[Items from a dataset]
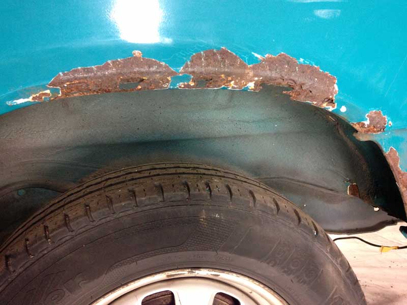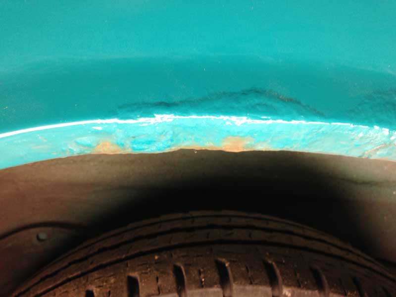 Nu -2016-2017- begonnen langs diezelfde wielranden weer aardige blazen te ontstaan: En als je met een schroevendraaier gaat schrapen wordt duidelijk dat het niet om slecht hechtende verf alleen gaat
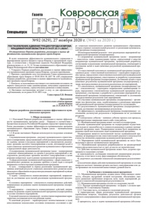 №92 (629), 27 ноября 2020 г. (№45 за 2020 г.) ǺDzDZDzǸȌ ǸȜȐȞȜȐȟȘȎȭ Спецвыпуск Газета ПОСТАНОВЛЕНИЕ АДМИНИСТРАЦИИ ГОРОДА КОВРОВА ВЛАДИМИРСКОЙ ОБЛАСТИ № 2174 ОТ 23.11.2020 Г. Об утверждении Порядка разработки, реализации и оценки эффективности муниципальных программ города Коврова В целях повышения эффективности муниципального управления и формирования проекта бюджета города Коврова в программной структуре, в соответствии с Бюджетным кодексом Российской Федерации, руководствуясь ст. ст. 31, 32 Устава муниципального образования город Ковров Владимирской области постановляю: 1. Утвердить Порядок разработки, реализации и оценки эффективности муниципальных программ города Коврова, согласно приложению. 2. Признать утратившим силу постановление Главы муниципального образования город Ковров от 05.05.2014 № 1037 № «Об утверждении Порядка разработки, реализации и оценки эффективности муниципальных программ города Коврова. 3. Контроль за исполнением настоящего постановления возложить на первого заместителя главы администрации, начальника управления по экономической политике, стратегическому развитию и инвестициям. 4. Настоящее постановление вступает в силу со дня официального опубликования, но не ранее 01.01.2021 года. Глава города Е.В. Фомина Приложение к постановлению администрации города Коврова от 23.11.2020 № 2174 Порядок разработки, реализации и оценки эффективности муниципальных программ 1. Общие положения 1.1. Настоящий Порядок разработки, реализации и оценки эффективности муниципальных программ (далее - Порядок) в соответствии с Бюджетным кодексом Российской Федерации определяет правила разработки, реализации и оценки эффективности муниципальных программ муниципального образования город Ковров (далее - муниципальные программы). 1.2. В целях настоящего Порядка используются следующие основные понятия: 1) муниципальная программа - документ муниципального стратегического планирования, представляющий собой комплекс взаимоувязанных по задачам, срокам и ресурсам мероприятий и инструментов, реализуемых органами местного самоуправления в целях достижения целей и задач социально-экономического развития муниципального образования в определенной сфере деятельности; 2) подпрограмма муниципальной программы (далее - подпрограмма) - комплекс взаимоувязанных по срокам и ресурсам мероприятий и инструментов, реализуемых органами местного самоуправления в целях решения конкретных задач в рамках муниципальной программы; 3) сфера реализации муниципальной программы - сфера социально-экономического развития, на решение проблем и (или) задач в которой направлена соответствующая муниципальная программа; 4) цель - планируемый за период реализации муниципальной программы конечный результат социально-экономического развития муниципального образования посредством реализации мероприятий муниципальной программы; 5) задача - совокупность взаимосвязанных мероприятий, направленных на достижение цели (целей) реализации муниципальной программы; 6) основное мероприятие - совокупность взаимосвязанных действий, направленных на решение задачи муниципальной программы (подпрограммы); 7) мероприятие - совокупность взаимосвязанных действий, направленных на решение задачи муниципальной программы (подпрограммы), в составе основного мероприятия; 8) целевой показатель (ин
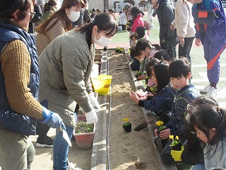 保護者の皆様には、子どもたちの作業がスムーズにいくようにと、事前の準備も行っていただきました。ありがとうございました。子どもたちも保護者の皆様も笑顔になるステキな「第2回親子花植えの会」でした。
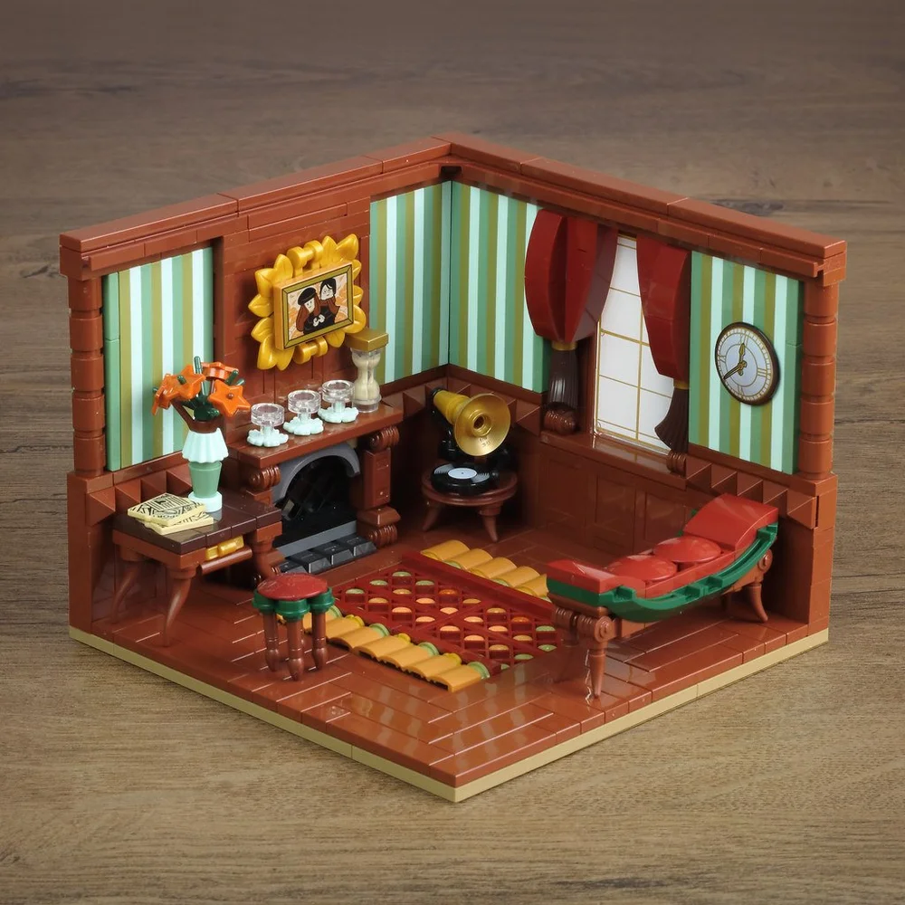 His wonderful Sitting Room, for example, pairs the boat stud with four plain paint brushes and some round plates with open stud and manages to evoke a completely different mood altogether.
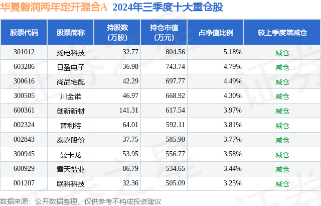 华夏磐润两年定开混合A的前十大重仓股如下:
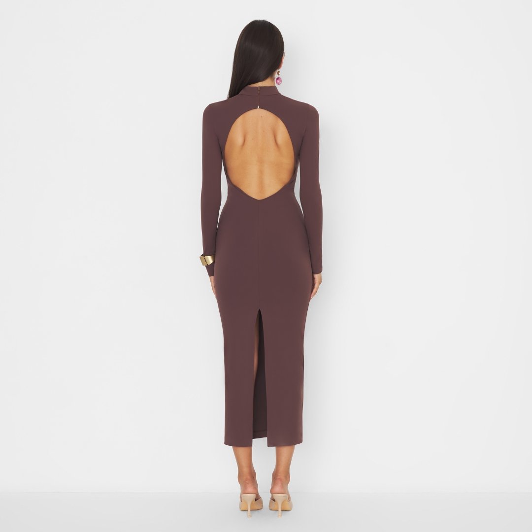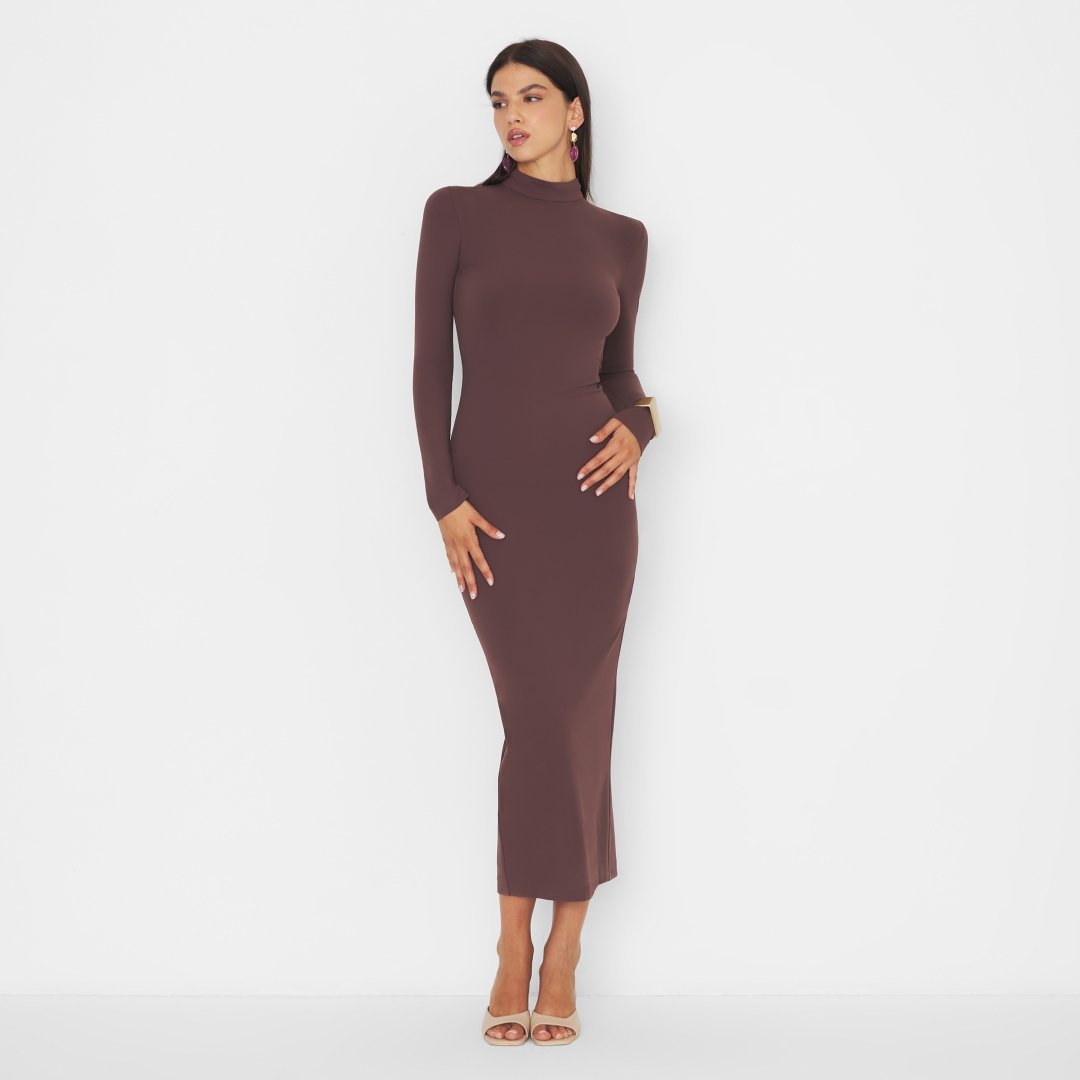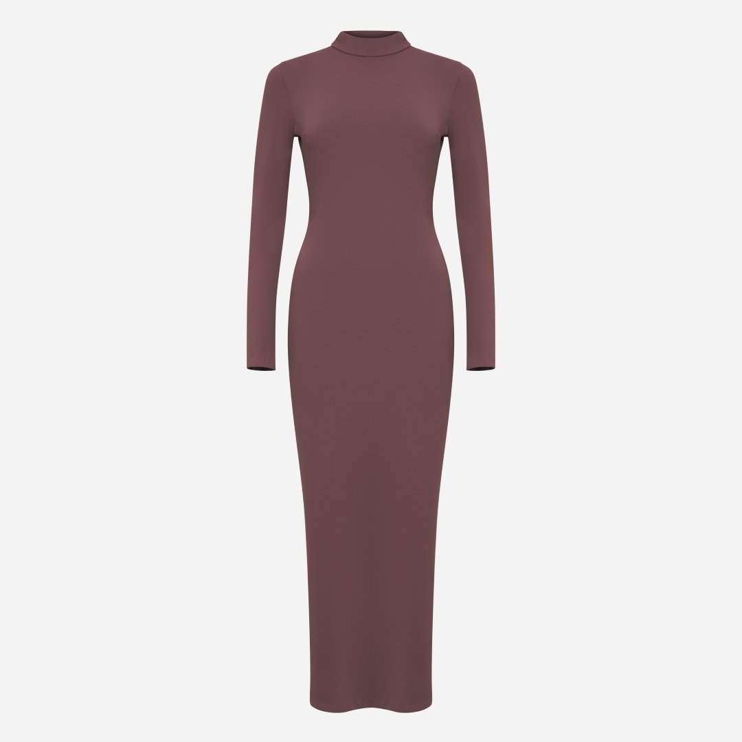 A sleek and elegant long dress that hugs the body like a second skin, crafted from soft and stretchy fabric. Featuring a high neck, long sleeves, and a dramatic back slit, it sculpts the silhouette with almost architectural precision. Ideal for those who embrace minimalist sophistication, this dress is perfect for evening events. Made in Italy.
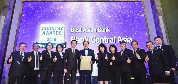 Direktur Utama PT Bank Central Asia Tbk (BCA), Jahja Setiaatmadja menerima dua penghargaan sekaligus, yakni Bank Terbaik di Indonesia dan Bank Asia Terbaik untuk keempat kalinya dalam ajang FinanceAsia Country Awards for Achievement 2019 di Hong Kong, Kamis (27/06).
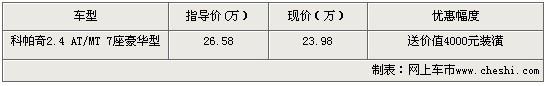 雪佛蘭Captiva科帕奇不僅豐富了雪佛蘭產品陣容,深化了雪佛蘭年輕活力、值得信賴的國際化品牌內涵,更填補了上海通用汽車在中檔SUV細分市場上的空白。近日根據網上車市價格監測系統顯示,上海地區購買雪佛蘭科帕奇2.4 AT/MT 7座豪華型 可以得到2.6萬元的價格優惠。具體車型報價如下表:
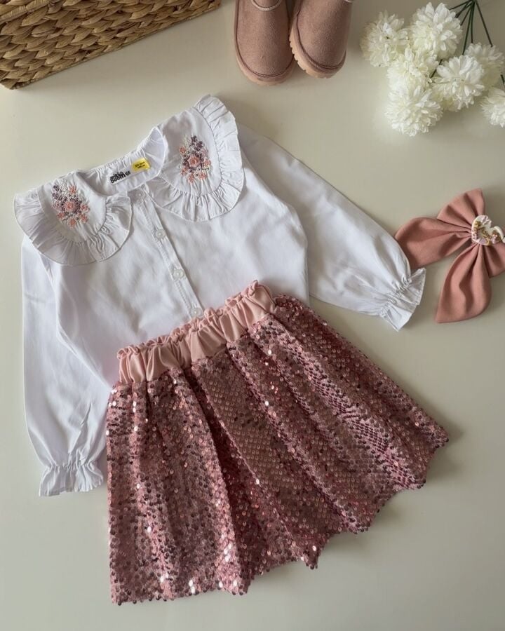 Asarkids Yaka Nakışlı Pul Payet 2'li Takım - Pudra
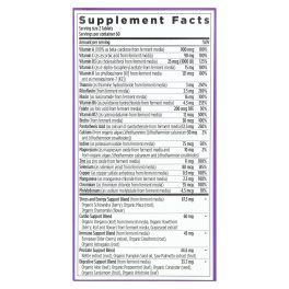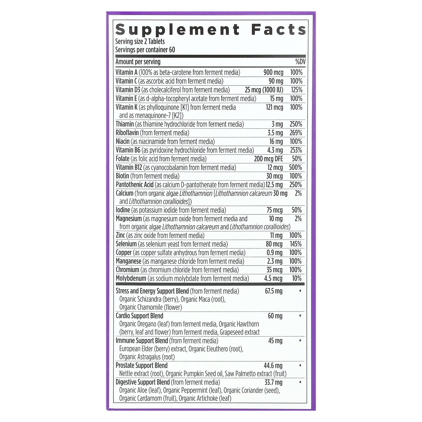 Est. 1982Formulated for AbsorptionMade with Organic Vegetables and HerbsCertified Organic by Where Food Comes From OrganicNon GMO Project VerifiedCertified Gluten-Free by NSFKosherDietary SupplementWith Gratitude from Vermont100% VegetarianNo Artificial Flavors or ColorsNutrition Crafted for: Immune, Heart, Energy, Stress & Brain SupportThe Magic Inside: Higher levels of essential nutrients† your body can recognize, blended with superfood herbs including Elderberry, Turmeric & Saw PalmettoComplete MultivitaminNutrition-Packed For MenComplete support for men’s overall health and system-specific benefits, with nutrients for brain, bone & prostate support, stress, vision & digestive support, and healthy hair, skin & nails, packed into just 2 tablets a day.Immune & Energy BoostingFermented Zinc and Vitamins C & A support immune system function, while 8 B Vitamins promote energy metabolism.Heart HealthyEmerging studies suggest fermented Vitamin D3 supports cardiovascular health.Whole-Food HerbsInspired by tradition and grounded in science, advanced botanicals include Saw Palmetto, organic Turmeric and Maca.Absorb the Good StuffWe fine-tune the levels of each high-quality vitamin & mineral, choose types that work best with the body, and ferment key nutrients with probiotics and whole foods.Certified B Corporation® This company meets the highest standards of social and environmental impact† Compared to Every Man™’s One Daily multivitamin, this blend has higher levels of Thiamin, Riboflavin, Vitamins B6 & B12, Selenium, Manganese & Chromium
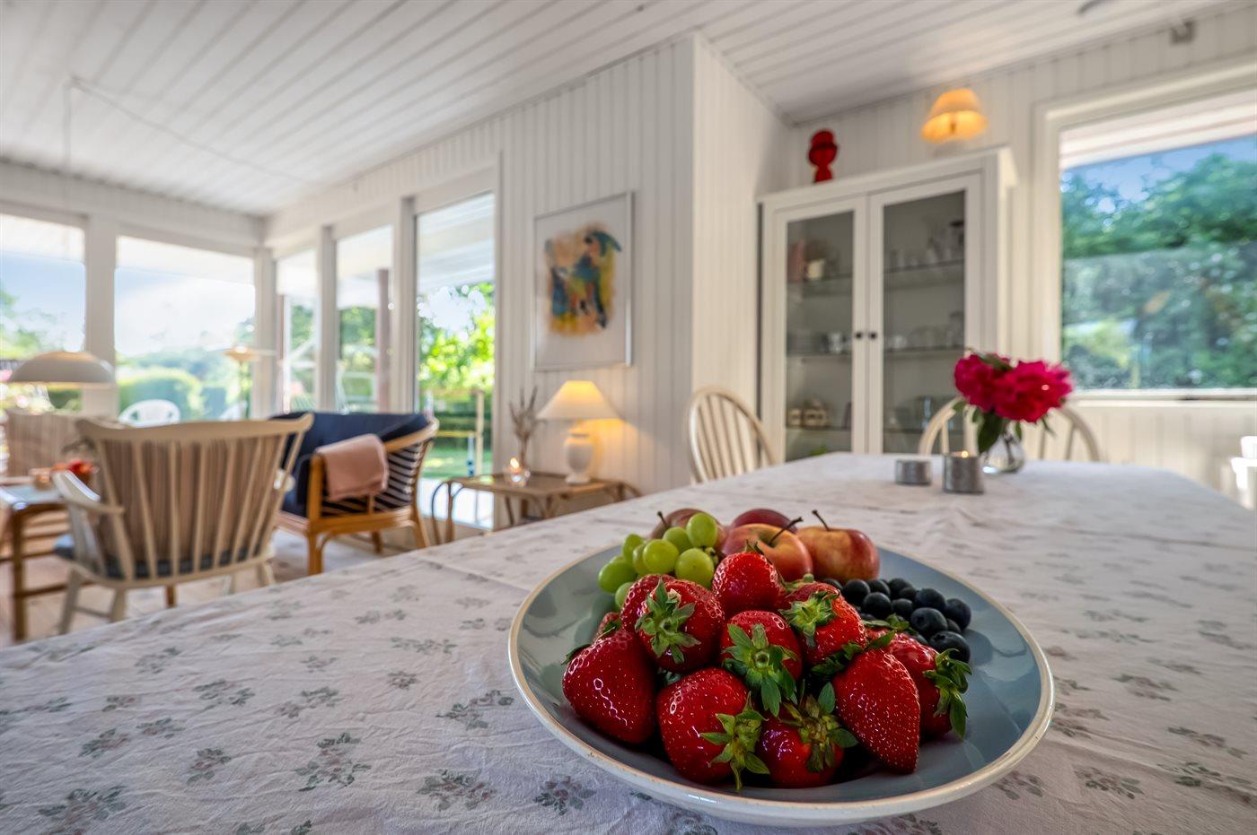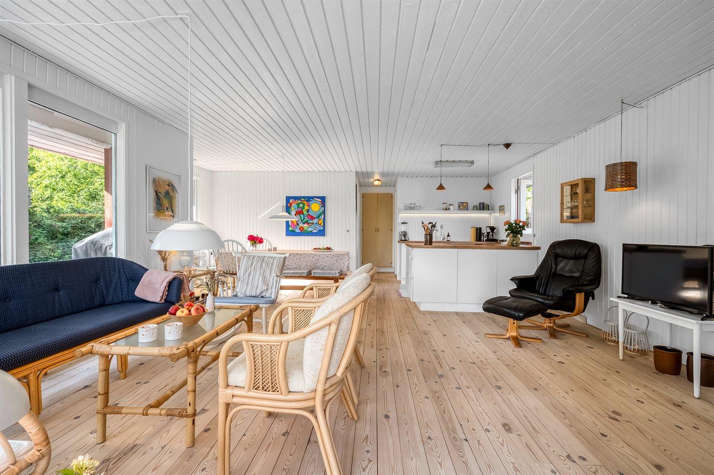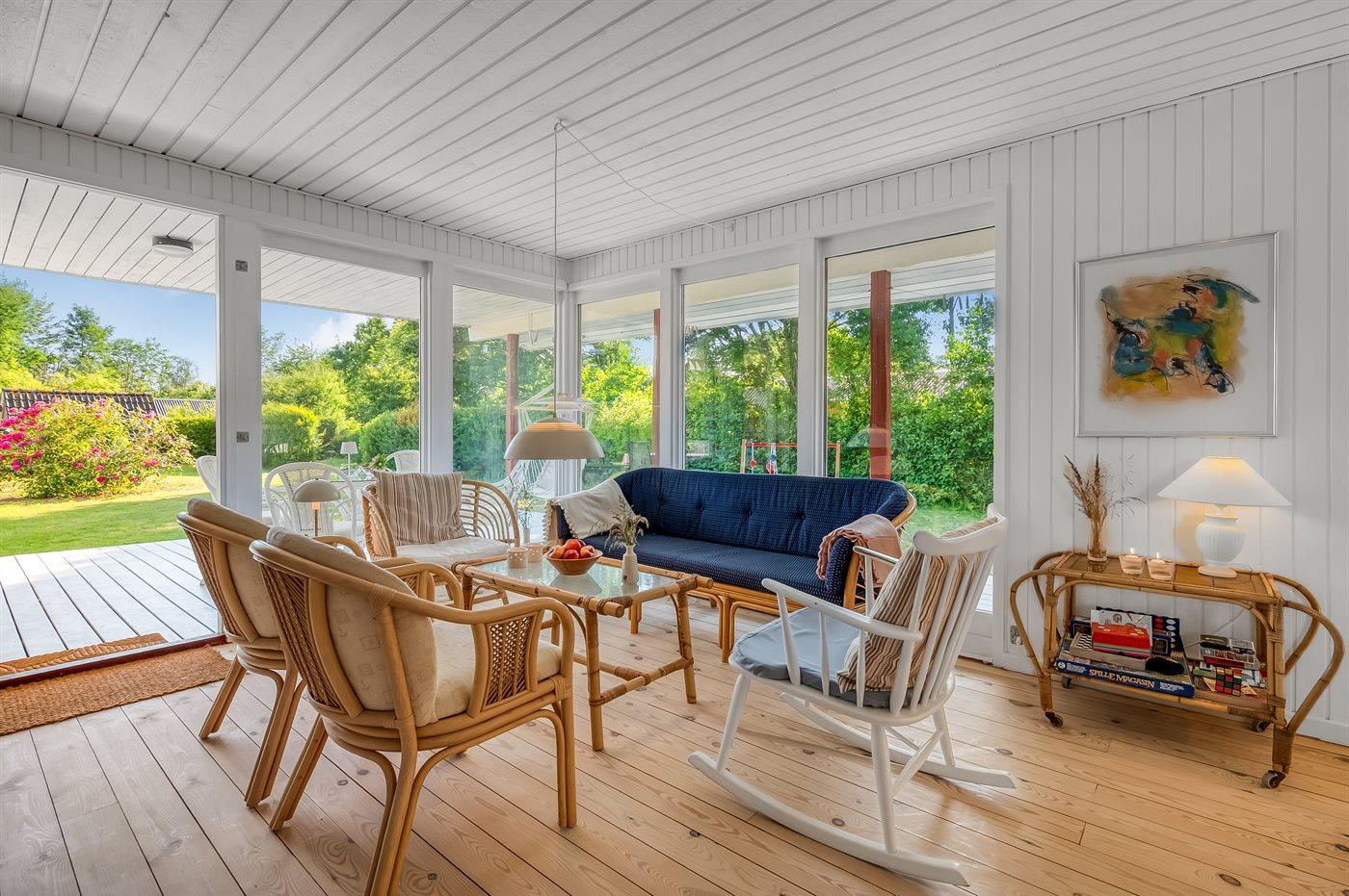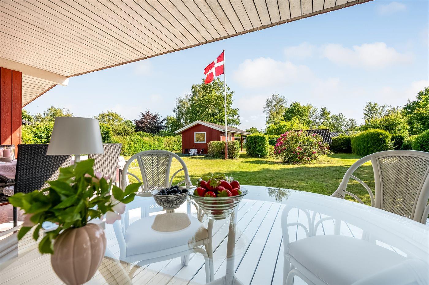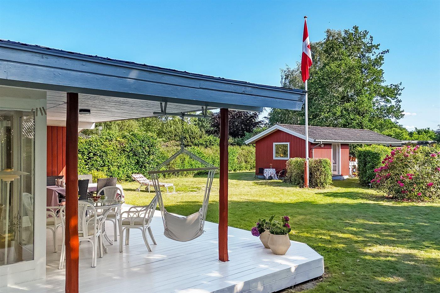 Sommerhuset ligger helt ugeneret på den dejlige grund og der findes gode terrassearealer, som er delvist overdækkede. Herfra kan du i særdeleshed nyde de skønne omgivelser med en kop kaffe eller et glas vin, og det er altid muligt at finde et hjørne med læ, hvor du kan nyde solen.

**Task brief:** Transcribe only this stretch of the data: the line with "Direktur Utama PT", the line with "Asarkids Yaka Nakışlı", and every line in between. Leave out the pictures.

**Result for this task:**
 Direktur Utama PT Bank Central Asia Tbk (BCA), Jahja Setiaatmadja menerima dua penghargaan sekaligus, yakni Bank Terbaik di Indonesia dan Bank Asia Terbaik untuk keempat kalinya dalam ajang FinanceAsia Country Awards for Achievement 2019 di Hong Kong, Kamis (27/06).
 雪佛蘭Captiva科帕奇不僅豐富了雪佛蘭產品陣容,深化了雪佛蘭年輕活力、值得信賴的國際化品牌內涵,更填補了上海通用汽車在中檔SUV細分市場上的空白。近日根據網上車市價格監測系統顯示,上海地區購買雪佛蘭科帕奇2.4 AT/MT 7座豪華型 可以得到2.6萬元的價格優惠。具體車型報價如下表:
 Asarkids Yaka Nakışlı Pul Payet 2'li Takım - Pudra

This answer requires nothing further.